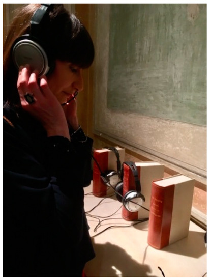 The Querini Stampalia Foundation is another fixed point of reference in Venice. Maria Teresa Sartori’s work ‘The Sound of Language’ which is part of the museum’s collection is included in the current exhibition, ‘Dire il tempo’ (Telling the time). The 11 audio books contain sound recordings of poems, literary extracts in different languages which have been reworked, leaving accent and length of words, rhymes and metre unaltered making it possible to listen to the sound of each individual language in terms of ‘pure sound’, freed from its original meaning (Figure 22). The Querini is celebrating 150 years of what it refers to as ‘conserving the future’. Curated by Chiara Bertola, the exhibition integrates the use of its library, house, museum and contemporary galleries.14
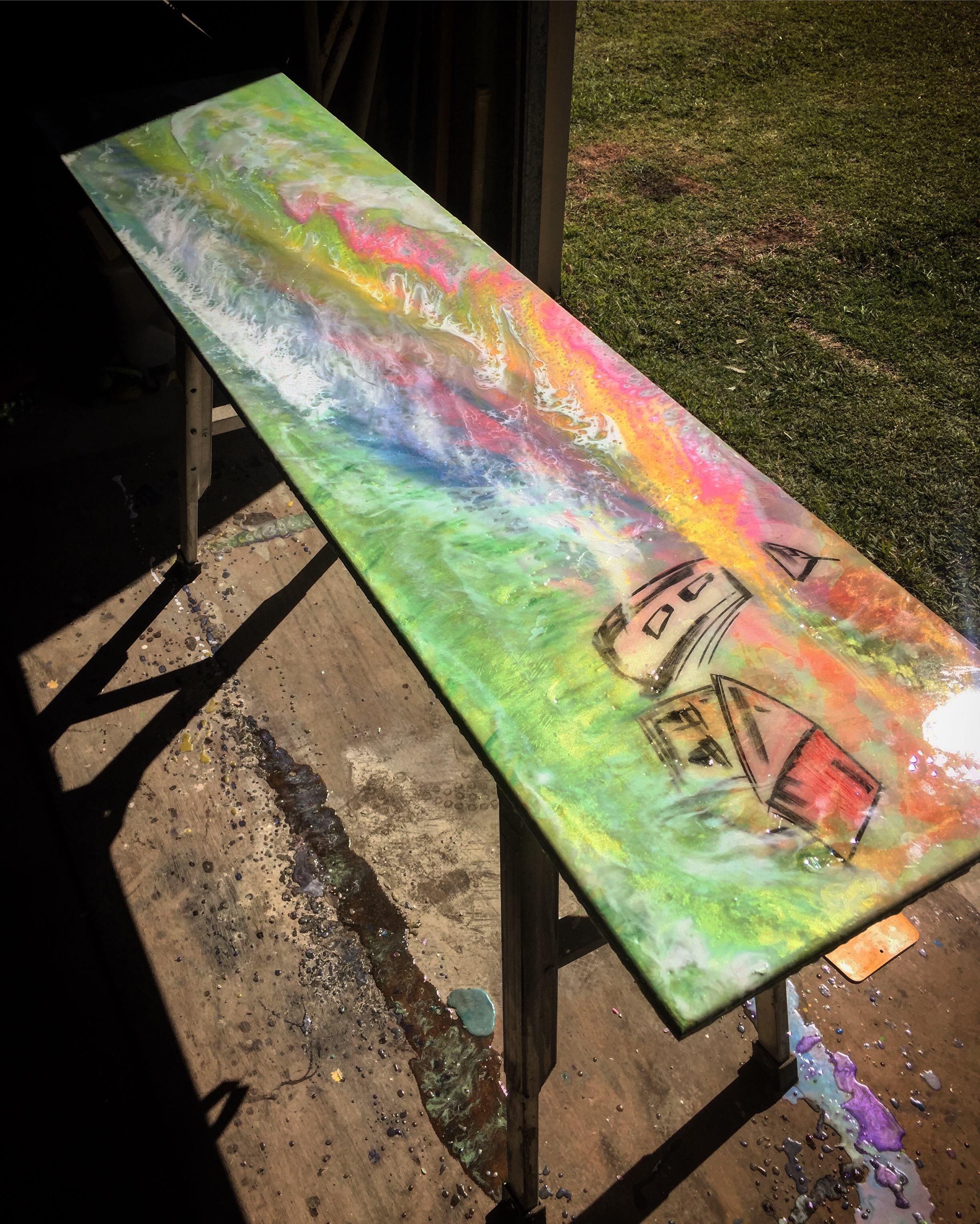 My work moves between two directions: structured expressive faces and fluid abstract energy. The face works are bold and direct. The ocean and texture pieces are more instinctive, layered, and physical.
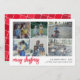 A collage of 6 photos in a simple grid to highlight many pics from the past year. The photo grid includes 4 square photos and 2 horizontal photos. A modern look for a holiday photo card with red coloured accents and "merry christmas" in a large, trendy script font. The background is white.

============================================================

**Your goal:**
Produce the full material again verbatim, with the pictures dropped.

**Exercise output:**
 The Querini Stampalia Foundation is another fixed point of reference in Venice. Maria Teresa Sartori’s work ‘The Sound of Language’ which is part of the museum’s collection is included in the current exhibition, ‘Dire il tempo’ (Telling the time). The 11 audio books contain sound recordings of poems, literary extracts in different languages which have been reworked, leaving accent and length of words, rhymes and metre unaltered making it possible to listen to the sound of each individual language in terms of ‘pure sound’, freed from its original meaning (Figure 22). The Querini is celebrating 150 years of what it refers to as ‘conserving the future’. Curated by Chiara Bertola, the exhibition integrates the use of its library, house, museum and contemporary galleries.14
 My work moves between two directions: structured expressive faces and fluid abstract energy. The face works are bold and direct. The ocean and texture pieces are more instinctive, layered, and physical.
 A collage of 6 photos in a simple grid to highlight many pics from the past year. The photo grid includes 4 square photos and 2 horizontal photos. A modern look for a holiday photo card with red coloured accents and "merry christmas" in a large, trendy script font. The background is white.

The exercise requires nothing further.